In a assertion, legal professionals from the A.C.L.U. and the Innocence Project had been cautious about stating what, precisely, might be extrapolated from the newly examined DNA from the shirt and the homicide weapon — past the information that each samples appeared to belong to the identical man and that that man was not Mr. Lee.

“While the results obtained 29 years after the evidence was collected proved to be incomplete and partial, it is notable that there are now new DNA profiles that were not available during the trial or post-conviction proceedings in Mr. Lee’s case,” Nina Morrison, senior litigation counsel at the Innocence Project, mentioned in the assertion, which The Washington Post reported on Tuesday.

Uploading this newly generated profile to a nationwide felony database maintained by the F.B.I. has not but offered a “hit,” she mentioned. That signifies that the thriller man’s DNA doesn’t match any of the DNA profiles which are already in the database, taken from individuals who had been convicted or arrested on suspicion of violent crimes.

“However, the DNA profile will now remain in the database and will be automatically compared to all new profiles from convicted persons, arrestees or unsolved crimes that are entered in the future,” legal professionals for the A.C.L.U., the Innocence Project and Ms. Young mentioned in a joint assertion.

According to the Innocence Project, no bodily proof was ever produced that linked Mr. Lee to Ms. Reese’s homicide. In a summary of the case, the group additionally outlined obstacles that Mr. Lee had confronted over the years, together with a lawyer who was drunk and unprepared at courtroom hearings, unreliable neighborhood eyewitnesses and conflicts of curiosity for key gamers.

Mr.
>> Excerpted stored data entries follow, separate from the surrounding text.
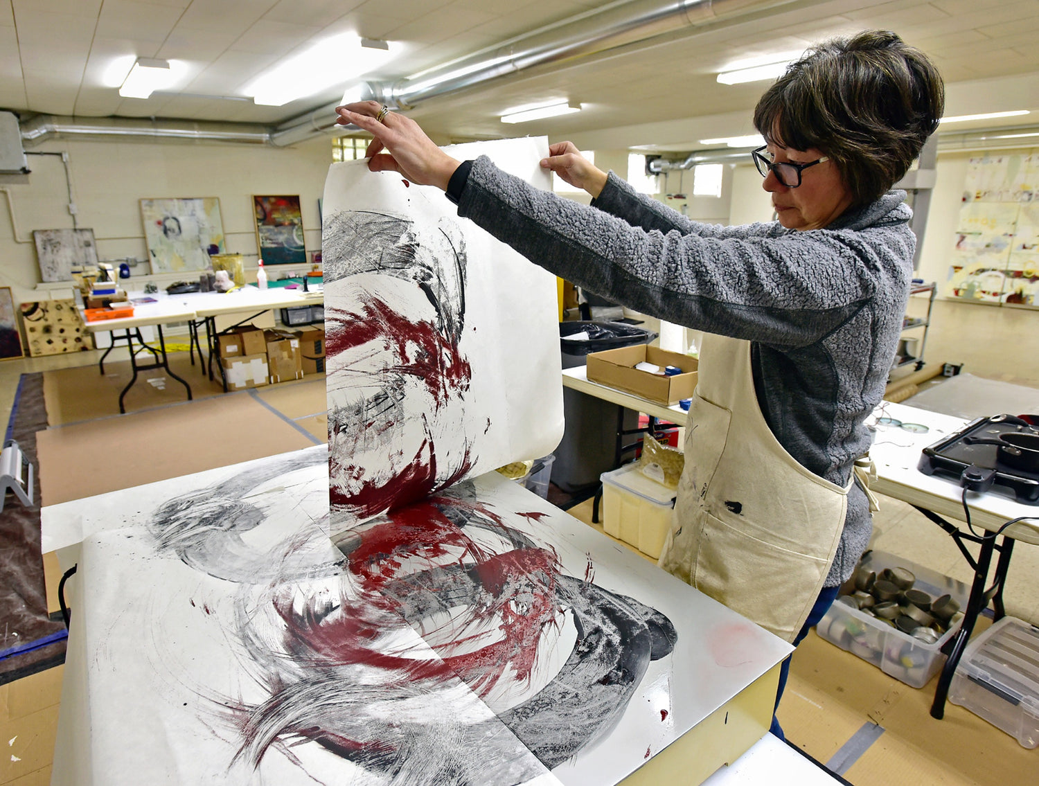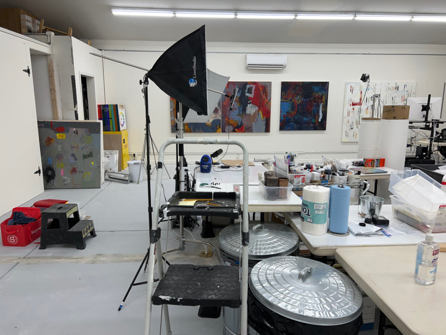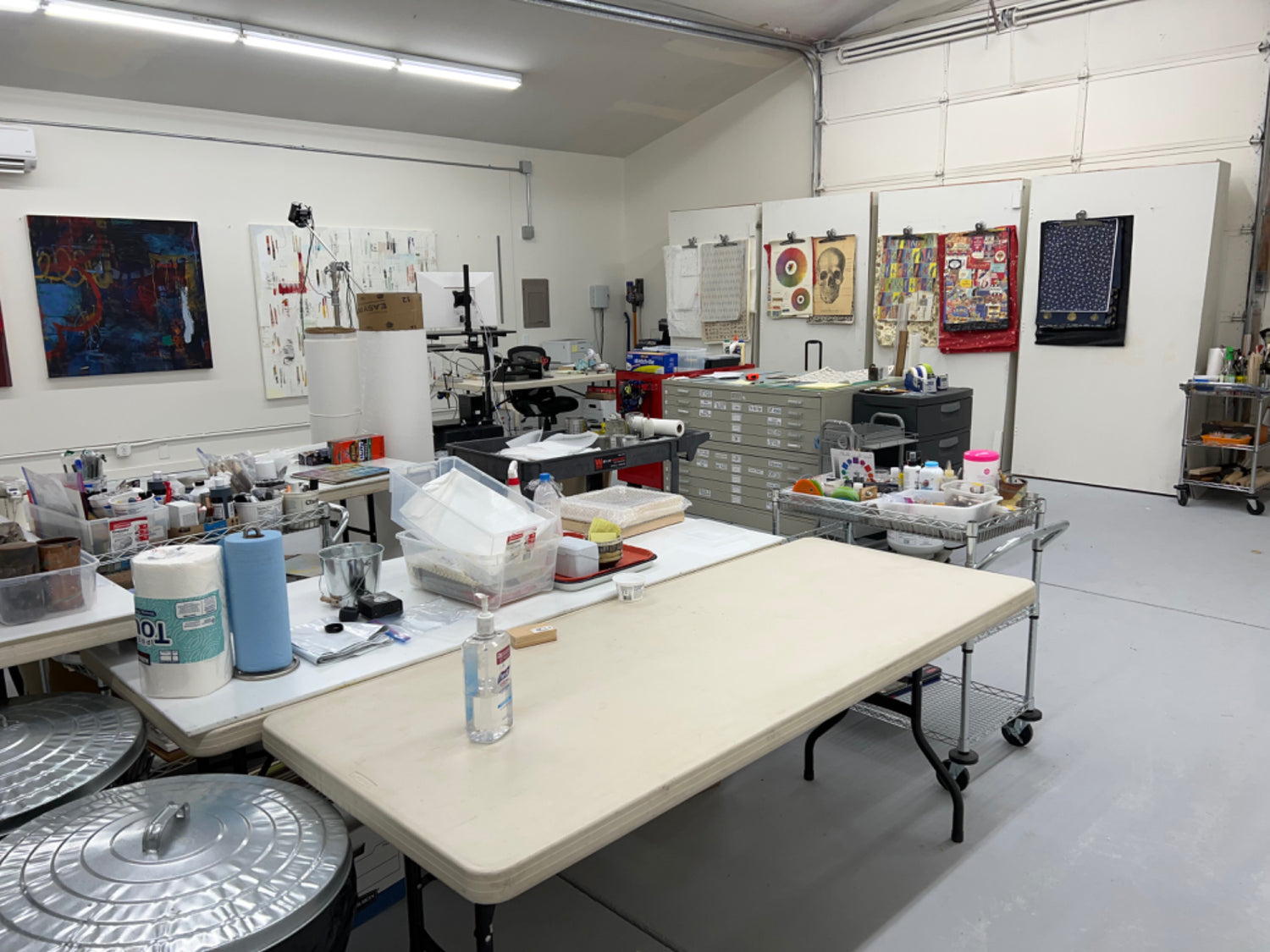CURRENT STUDIO: I now work from my 1000 sq ft studio located at our home. It has ventilation, daylight corrected fluorescent lighting, large wooden walls to hang cradled panels or large sheets of paper, and GFCI (Ground Force Circuit Interruptor) outlets to prevent overloading electrical circuits while painting with encaustic or encaustic monotype. My studio is also equipped with a Roland Pro Box (32x44in) for encaustic monotypes.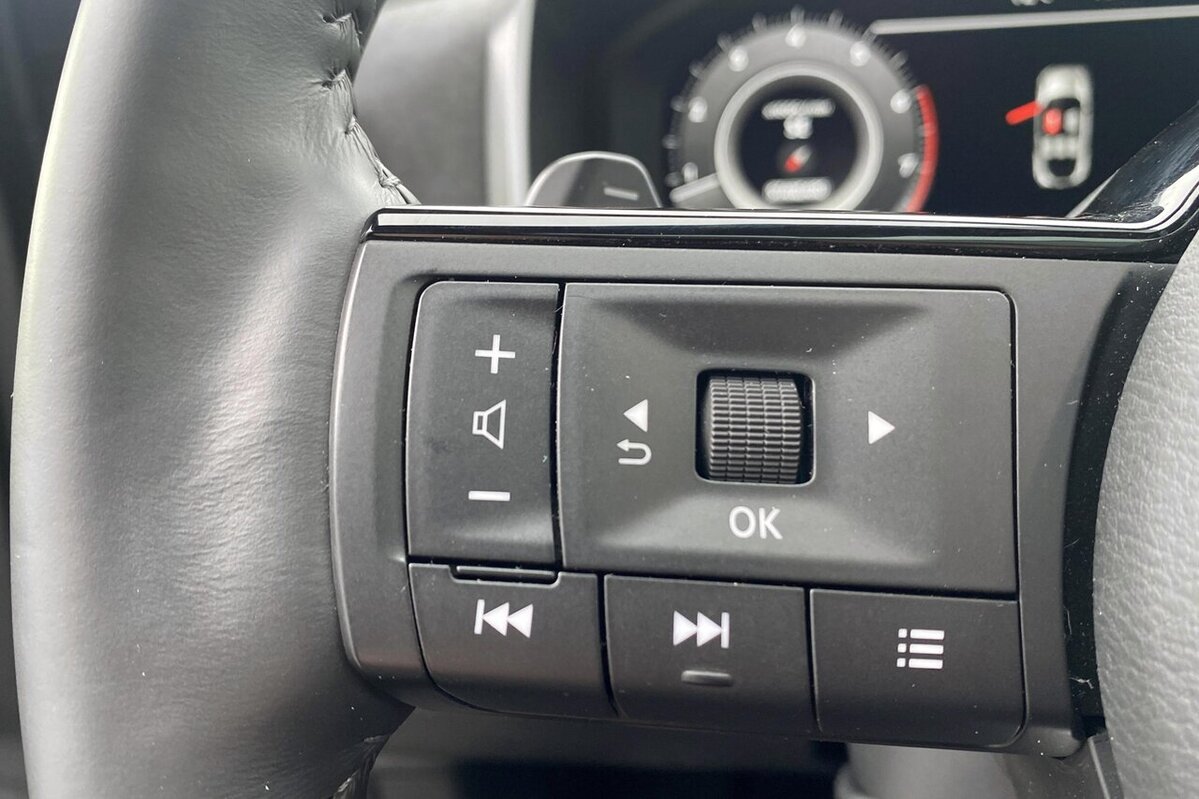 Als topmodel is deze Tekna+ boordevol indrukwekkende opties. Denk aan het luxueuze panoramische dak, het comfort van het zwarte lederen interieur met elektrische zetelverstelling en geheugen, en geavanceerde assistentiesystemen zoals de 360° camera en Adaptieve Cruise Control. Uw smartphone laadt draadloos op terwijl u geniet van het navigatiesysteem met Apple CarPlay en Android Auto, en in koudere maanden zult u het verwarmde stuurwiel en de zetelverwarming zeker waarderen. Daarnaast zorgen de volledig LED koplampen voor optimaal zicht en een moderne look.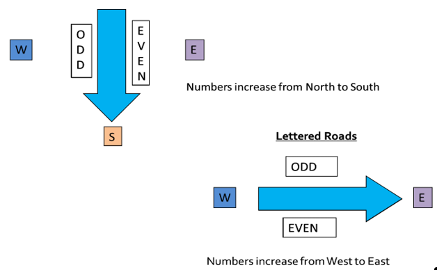 - Odd numbers are located on the west and north sides and even are located on the east and south sides of the road.

Lee’s first trial resulted in a hung jury. His second homicide trial started on Oct. 10, 1995, simply seven days after O.J. Simpson had been acquitted of the murders of Nicole Brown Simpson and Ronald Goldman.

“Mr. Lee, a Black man charged with the vicious beating and murder of a white woman in her home, was tried under the shadow of the O.J. Simpson prosecution and trial,” Ms. Young argued in her January lawsuit. “The Simpson verdict shocked and angered many white Americans and polarized the nation along racial lines. It’s difficult to imagine that any jury could be truly objective in considering the evidence against Mr. Lee at that particular moment in time.”

Leslie Rutledge, the Arkansas lawyer common, mentioned on Thursday that she was not swayed by the new developments.

“The courts consistently rejected Ledell Lee’s frivolous claims because the evidence demonstrated beyond any shadow of a doubt that he murdered Debra Reese by beating her to death inside her home with a tire thumper,” she mentioned in a assertion, including, “I am prayerful that Debra’s family has had closure following his lawful execution in 2017.”

Along with offering new DNA outcomes, Ms. Young’s petition pushed the metropolis of Jacksonville to match fingerprints from the crime scene to a state and nationwide fingerprint database for the first time. It has lengthy been established that Mr. Lee’s fingerprints didn’t match any of these at the scene.

The ensuing search towards the nationwide database didn’t present a match, in line with the Innocence Project and the A.C.L.U., however the Arkansas State Crime Laboratory has not but searched the state database. If that search occurs and a fingerprint match emerges, then the legal professionals will push to match that individual’s DNA to the thriller man’s, they mentioned.